### Data segment
»»
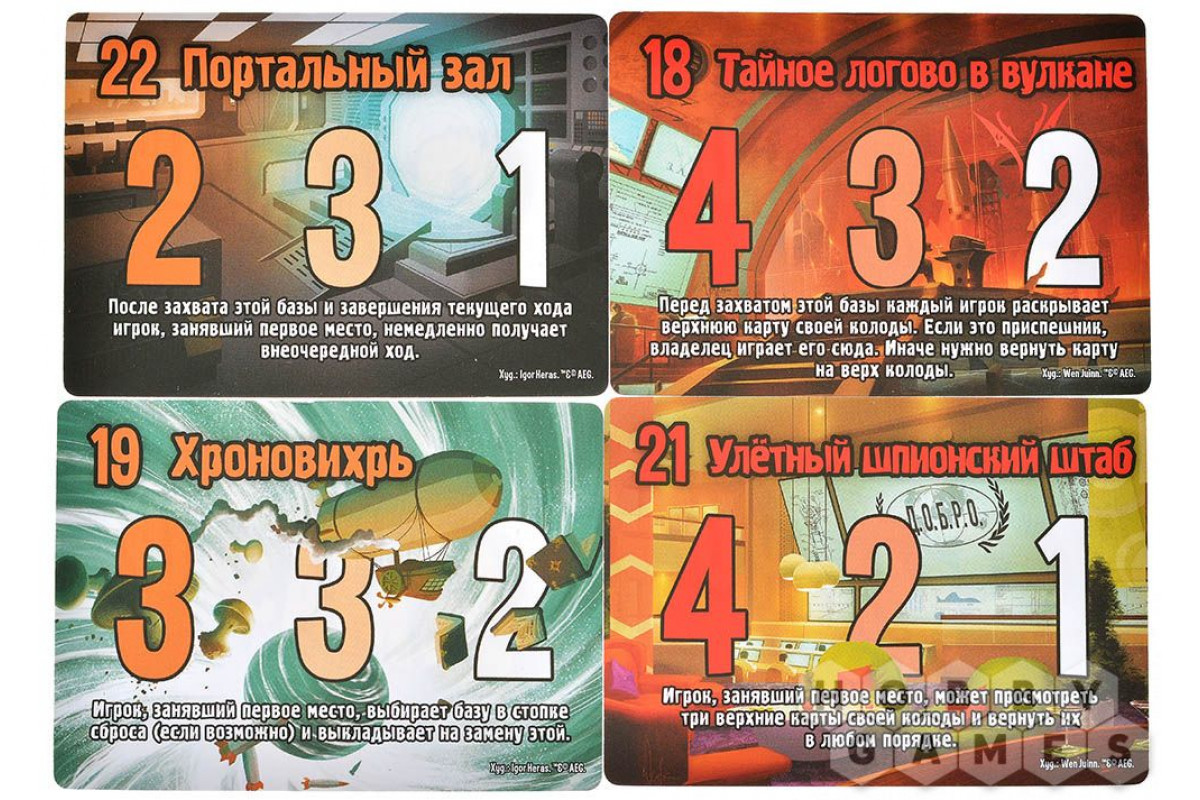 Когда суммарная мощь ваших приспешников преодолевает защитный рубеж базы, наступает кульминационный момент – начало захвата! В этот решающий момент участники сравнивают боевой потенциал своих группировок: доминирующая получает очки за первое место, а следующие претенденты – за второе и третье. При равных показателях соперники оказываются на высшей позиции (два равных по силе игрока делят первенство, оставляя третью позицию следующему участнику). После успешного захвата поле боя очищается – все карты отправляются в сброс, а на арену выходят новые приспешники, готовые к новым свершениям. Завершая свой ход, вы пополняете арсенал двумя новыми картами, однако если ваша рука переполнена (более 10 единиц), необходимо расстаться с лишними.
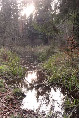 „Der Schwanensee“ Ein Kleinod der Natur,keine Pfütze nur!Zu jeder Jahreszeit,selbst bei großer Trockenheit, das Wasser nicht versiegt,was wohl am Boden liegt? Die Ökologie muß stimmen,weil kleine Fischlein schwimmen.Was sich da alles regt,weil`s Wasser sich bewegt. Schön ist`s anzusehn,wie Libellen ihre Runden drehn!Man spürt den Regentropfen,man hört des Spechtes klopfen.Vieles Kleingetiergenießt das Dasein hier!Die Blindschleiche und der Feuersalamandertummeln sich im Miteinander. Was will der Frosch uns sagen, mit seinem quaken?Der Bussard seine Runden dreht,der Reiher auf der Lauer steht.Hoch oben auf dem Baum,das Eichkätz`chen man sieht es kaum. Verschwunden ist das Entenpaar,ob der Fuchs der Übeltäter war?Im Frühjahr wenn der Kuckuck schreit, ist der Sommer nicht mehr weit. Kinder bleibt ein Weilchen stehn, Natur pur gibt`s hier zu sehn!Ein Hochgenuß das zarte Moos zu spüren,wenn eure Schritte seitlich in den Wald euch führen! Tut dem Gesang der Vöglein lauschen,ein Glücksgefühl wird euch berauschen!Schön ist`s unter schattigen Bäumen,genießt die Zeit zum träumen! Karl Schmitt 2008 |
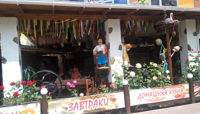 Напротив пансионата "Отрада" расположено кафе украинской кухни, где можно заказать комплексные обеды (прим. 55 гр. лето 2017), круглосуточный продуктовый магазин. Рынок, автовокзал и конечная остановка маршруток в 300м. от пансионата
««
### Work required
Make an exact copy of the listing, with no images in it.

### Output
 Когда суммарная мощь ваших приспешников преодолевает защитный рубеж базы, наступает кульминационный момент – начало захвата! В этот решающий момент участники сравнивают боевой потенциал своих группировок: доминирующая получает очки за первое место, а следующие претенденты – за второе и третье. При равных показателях соперники оказываются на высшей позиции (два равных по силе игрока делят первенство, оставляя третью позицию следующему участнику). После успешного захвата поле боя очищается – все карты отправляются в сброс, а на арену выходят новые приспешники, готовые к новым свершениям. Завершая свой ход, вы пополняете арсенал двумя новыми картами, однако если ваша рука переполнена (более 10 единиц), необходимо расстаться с лишними.
 „Der Schwanensee“ Ein Kleinod der Natur,keine Pfütze nur!Zu jeder Jahreszeit,selbst bei großer Trockenheit, das Wasser nicht versiegt,was wohl am Boden liegt? Die Ökologie muß stimmen,weil kleine Fischlein schwimmen.Was sich da alles regt,weil`s Wasser sich bewegt. Schön ist`s anzusehn,wie Libellen ihre Runden drehn!Man spürt den Regentropfen,man hört des Spechtes klopfen.Vieles Kleingetiergenießt das Dasein hier!Die Blindschleiche und der Feuersalamandertummeln sich im Miteinander. Was will der Frosch uns sagen, mit seinem quaken?Der Bussard seine Runden dreht,der Reiher auf der Lauer steht.Hoch oben auf dem Baum,das Eichkätz`chen man sieht es kaum. Verschwunden ist das Entenpaar,ob der Fuchs der Übeltäter war?Im Frühjahr wenn der Kuckuck schreit, ist der Sommer nicht mehr weit. Kinder bleibt ein Weilchen stehn, Natur pur gibt`s hier zu sehn!Ein Hochgenuß das zarte Moos zu spüren,wenn eure Schritte seitlich in den Wald euch führen! Tut dem Gesang der Vöglein lauschen,ein Glücksgefühl wird euch berauschen!Schön ist`s unter schattigen Bäumen,genießt die Zeit zum träumen! Karl Schmitt 2008 |
 Напротив пансионата "Отрада" расположено кафе украинской кухни, где можно заказать комплексные обеды (прим. 55 гр. лето 2017), круглосуточный продуктовый магазин. Рынок, автовокзал и конечная остановка маршруток в 300м. от пансионата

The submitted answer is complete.